Modelling Fluid Flow Through a Solid Ceramic Foam

Anonymous · ‎10-16-2019

Hi,

I am quite new to CFDs. Using X Ray tomography I was able to take a CT Scan of a Reticulate Porous Ceramic. I then used Fusion 360 to repair its mesh and exported it as a .obj file after endlessly failing to do it through a stl or step file. I then imported this .obj onto CFD by creating an external volume which tightly encapsulates the solid, as I want to model fluid flow through the solid, as opposed to around it like most other applications.

I am trying to model flow of Steam at 1200 degree C through the porous Ceramic foam (Silicon Carbide) and have tried many techniques that I read on multiple forums. There are many different problems I am facing:

1) I cant keep the fluid at 1200 and the solid at 24 degrees. Even if I set these properties at initial conditions, and boundary conditions both, as soon as I run the first iteration, either both fluid and solid are at 24 or 1200 C.
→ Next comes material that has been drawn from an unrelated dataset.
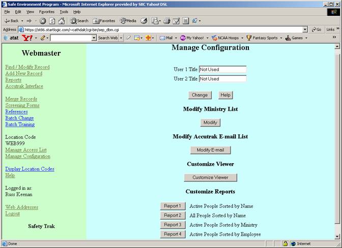 This function allows the owner of a location code to give titles to the user fields, add entries to the ministry list, manage E-mail

Note: Both Fluid and Solid are set to Variable Properties using the scenario environment.

2) I cant model the flow through the ceramic, velocity magnitude through that region is 0.

3) Static Pressure, Wall Forces, Strain Rate, Shear Stress Values are all logically incorrect.

I am looking to calculate the temperature gradient, pressure gradient, and whatever mechanical properties CFD can solve for to test the mechanical and thermal performance of this ceramic under the fluid flow.

I am unable to attach the CFZ file here (It is very large due to the ceramic mesh size). I have uploaded it to my onedrive and the link is as follows:

https://anu365-my.sharepoint.com/:f:/g/personal/u5922125_anu_edu_au/EtnEQ9p5ARRNrdsdQuASzuMB1p43Rr7k...

I need to urgently produce results, all help is greatly appreciated.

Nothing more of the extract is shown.